> Task goal: In the material below, find the line with "当前位置: 首页 >云南省昆明市纹身店-Yeci。Tattoo纹身图案>十字勋章纹身图片_成品脚部几何图腾情侣纹身图案" and the line with "Logolu Deri Sneaker", then output both and every line between them exactly, omitting pictures.

*** Provided entries Section Begins ***

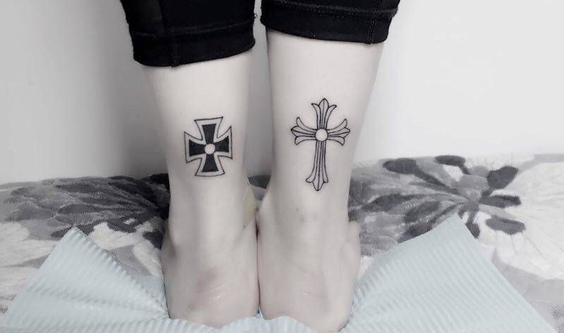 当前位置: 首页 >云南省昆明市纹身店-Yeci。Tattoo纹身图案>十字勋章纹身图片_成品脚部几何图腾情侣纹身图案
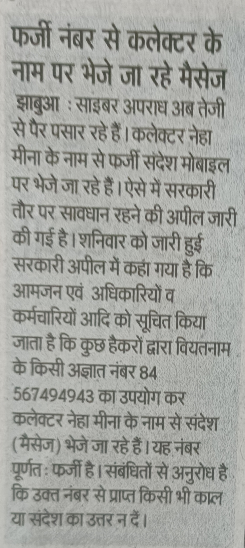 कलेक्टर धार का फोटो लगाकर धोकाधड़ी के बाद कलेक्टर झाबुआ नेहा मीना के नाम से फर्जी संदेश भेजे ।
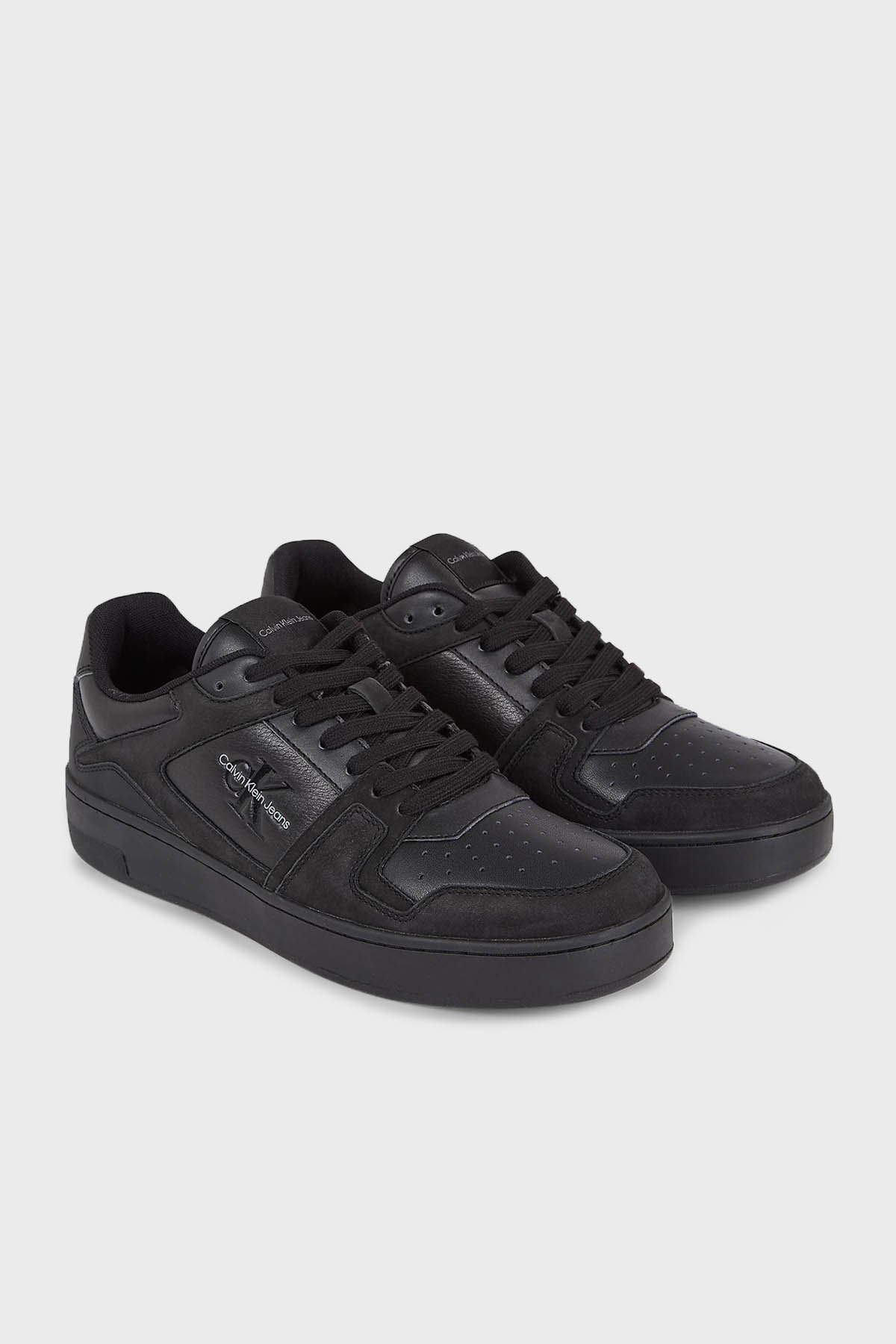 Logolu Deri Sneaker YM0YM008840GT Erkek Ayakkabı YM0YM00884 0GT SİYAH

*** Provided entries Section Ends ***
*** Provided entries Section Begins ***

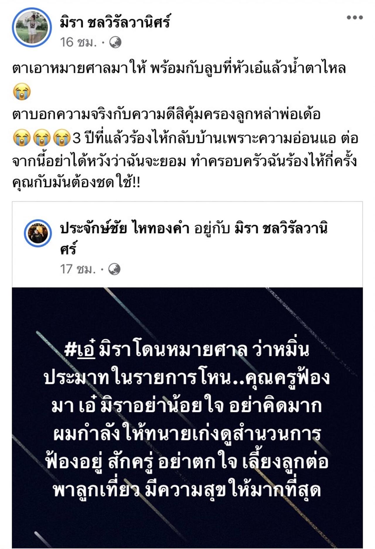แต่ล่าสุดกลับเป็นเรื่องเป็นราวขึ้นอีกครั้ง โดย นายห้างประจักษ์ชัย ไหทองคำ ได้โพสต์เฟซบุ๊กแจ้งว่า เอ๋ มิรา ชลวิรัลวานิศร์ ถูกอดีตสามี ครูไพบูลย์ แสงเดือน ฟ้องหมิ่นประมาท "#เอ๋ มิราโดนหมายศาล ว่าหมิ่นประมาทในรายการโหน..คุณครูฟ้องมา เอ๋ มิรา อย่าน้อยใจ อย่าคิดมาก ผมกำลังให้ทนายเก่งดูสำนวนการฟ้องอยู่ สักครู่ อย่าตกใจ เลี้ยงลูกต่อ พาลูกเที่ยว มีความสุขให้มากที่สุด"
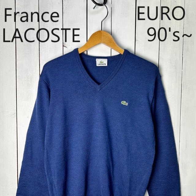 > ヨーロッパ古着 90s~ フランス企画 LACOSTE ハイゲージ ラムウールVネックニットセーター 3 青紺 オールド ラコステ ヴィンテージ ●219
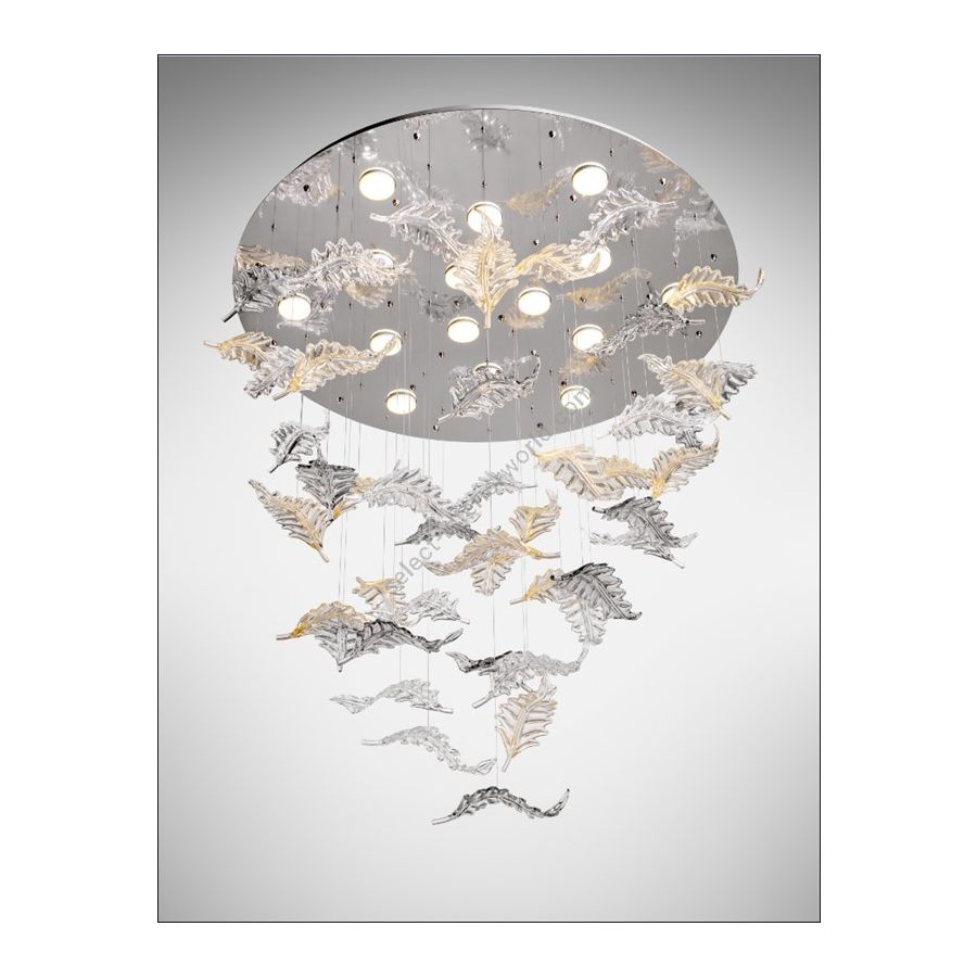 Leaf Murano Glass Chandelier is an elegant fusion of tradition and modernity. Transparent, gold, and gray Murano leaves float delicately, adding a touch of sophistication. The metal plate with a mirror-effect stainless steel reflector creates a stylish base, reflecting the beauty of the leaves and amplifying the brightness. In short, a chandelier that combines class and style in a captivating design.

*** Provided entries Section Ends ***
*** Provided entries Section Begins ***

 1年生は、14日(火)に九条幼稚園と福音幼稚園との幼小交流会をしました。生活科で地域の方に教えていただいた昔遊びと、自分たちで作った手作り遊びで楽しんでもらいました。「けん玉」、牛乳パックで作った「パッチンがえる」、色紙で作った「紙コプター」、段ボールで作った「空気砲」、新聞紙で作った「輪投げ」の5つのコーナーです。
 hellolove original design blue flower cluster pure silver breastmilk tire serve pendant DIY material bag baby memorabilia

*** Provided entries Section Ends ***

> Response for this exercise:
 当前位置: 首页 >云南省昆明市纹身店-Yeci。Tattoo纹身图案>十字勋章纹身图片_成品脚部几何图腾情侣纹身图案
 कलेक्टर धार का फोटो लगाकर धोकाधड़ी के बाद कलेक्टर झाबुआ नेहा मीना के नाम से फर्जी संदेश भेजे ।
 Logolu Deri Sneaker YM0YM008840GT Erkek Ayakkabı YM0YM00884 0GT SİYAH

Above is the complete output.